Opinion

Mr. Justice BROWN, after stating the facts in the foregoing language, delivered the opinion of the court.This case turns upon the constitutionality of an act of the general assembly of the state of Louisiana, passed in 1890, providing for separate railway carriages for the white and colored races. Acts 1890, No. 111, p. 152.

The first section of the statute enacts ‘that all railway companies carrying passengers in their coaches in this state, shall provide equal but separate accommodations for the white, and colored races, by providing two or more passenger coaches for each passenger train, or by dividing the passenger coaches by a partition so as to secure separate accommodations: provided, that this section shall not be construed to apply to street railroads. No person or persons shall be permitted to occupy seats in coaches, other than the ones assigned to them, on account of the race they belong to.’

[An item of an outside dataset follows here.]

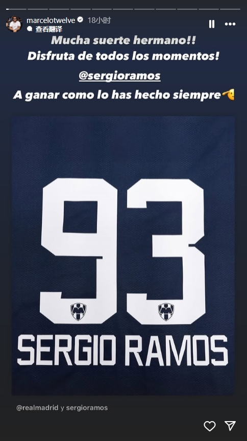 2月11日訊 38歲西班牙中衛(wèi)拉莫斯自由身加盟蒙特雷,身披93號球衣,前皇馬隊友馬塞洛社媒為他送上祝福。馬塞洛在社交媒體上寫道:“祝你好運,兄弟!享受每一刻!一如既往地去贏下比賽吧!” 標簽: 足球 西甲 皇家馬德里
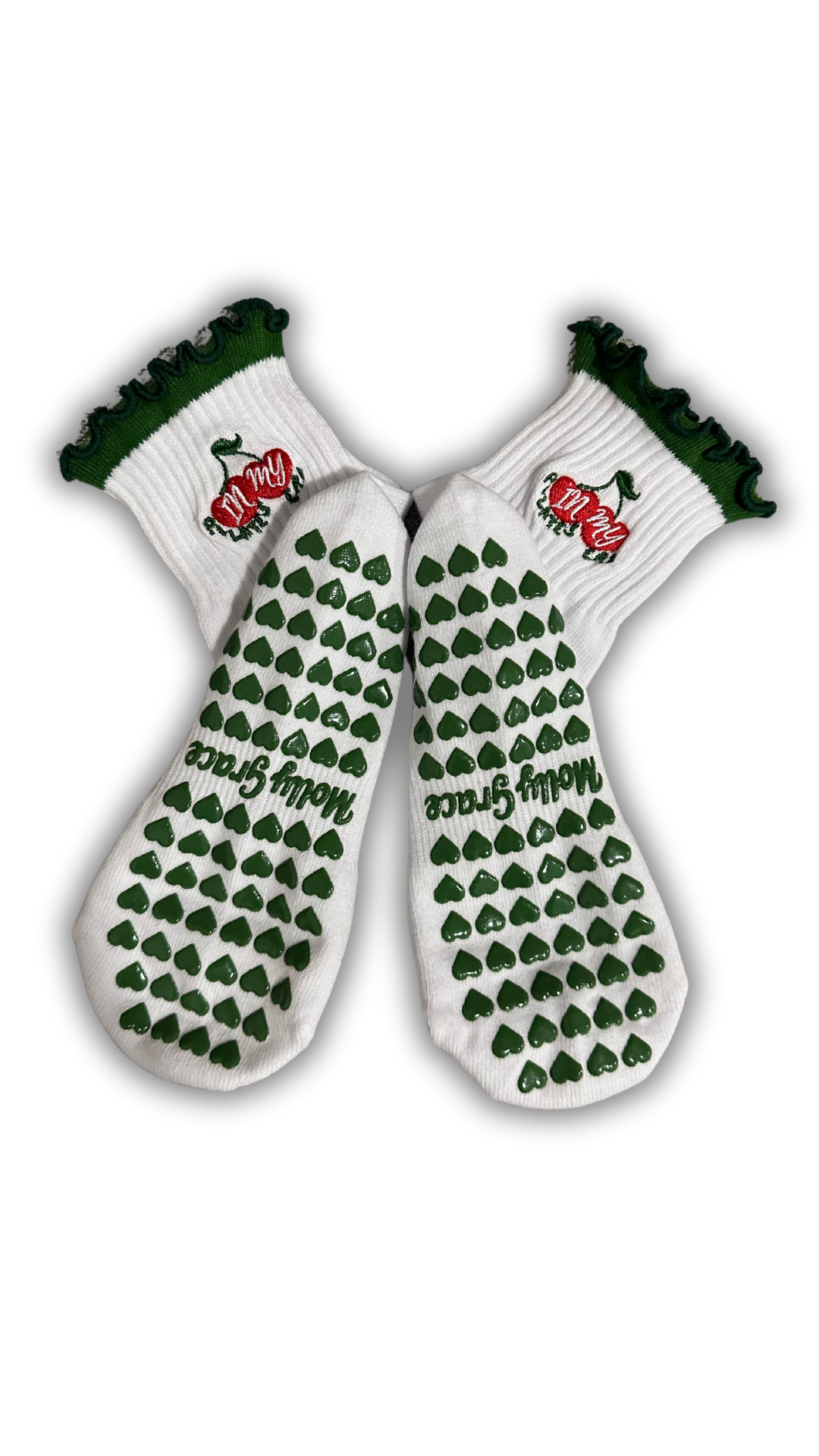 Step into your Pilates era with our elegant Grip Socks featuring a dark green ruffle trim and a charming, embroidered cherry detail. The "In My Pilates Era" script adds a playful, empowering touch, while the non-slip design keeps you grounded during every move. These socks blend style and functionality for your perfect Pilates practice!

By the second section it was enacted ‘that the officers of such passenger trains shall have power and are hereby required *541 to assign each passenger to the coach or compartment used for the race to which such passenger belongs; any passenger insisting on going into a coach or compartment to which by race he does not belong, shall be liable to a fine of twenty-five dollars, or in lieu thereof to imprisonment for a period of not more than twenty days in the parish prison, and any officer of any railroad insisting on assigning a passenger to a coach or compartment other than the one set aside for the race to which said passenger belongs, shall be liable to a fine of twenty-five dollars, or in lieu thereof to imprisonment for a period of not more than twenty days in the parish prison; and should any passenger refuse to occupy the coach or compartment to which he or she is assigned by the officer of such railway, said officer shall have power to refuse to carry such passenger on his train, and for such refusal neither he nor the railway company which he represents shall be liable for damages in any of the courts of this state.’

The third section provides penalties for the refusal or neglect of the officers, directors, conductors, and employ‚s of railway companies to comply with the act, with a proviso that ‘nothing in this act shall be construed as applying to nurses attending children of the other race.’ The fourth section is immaterial.

The information filed in the criminal district court charged, in substance, that Plessy, being a passenger between two stations within the state of Louisiana, was assigned by officers of the company to the coach used for the race to which he belonged, but he insisted upon going into a coach used by the race to which he did not belong. Neither in the information nor plea was his particular race or color averred.

The petition for the writ of prohibition averred that petitioner was seven-eights Caucasian and one-eighth African blood; that the **1140 mixture of colored blood was not discernible in him; and that he was entitled to every right, privilege, and immunity secured to citizens of the United States of the white race; and that, upon such theory, he took possession of a vacant seat in a coach where passengers of the white race were accommodated, and was ordered by the conductor to vacate *542 said coach, and take a seat in another, assigned to persons of the colored race, and, having refused to comply with such demand, he was forcibly ejected, with the aid of a police officer, and imprisoned in the parish jail to answer a charge of having violated the above act.

The constitutionality of this act is attacked upon the ground that it conflicts both with the thirteenth amendment of the constitution, abolishing slavery, and the fourteenth amendment, which prohibits certain restrictive legislation on the part of the states.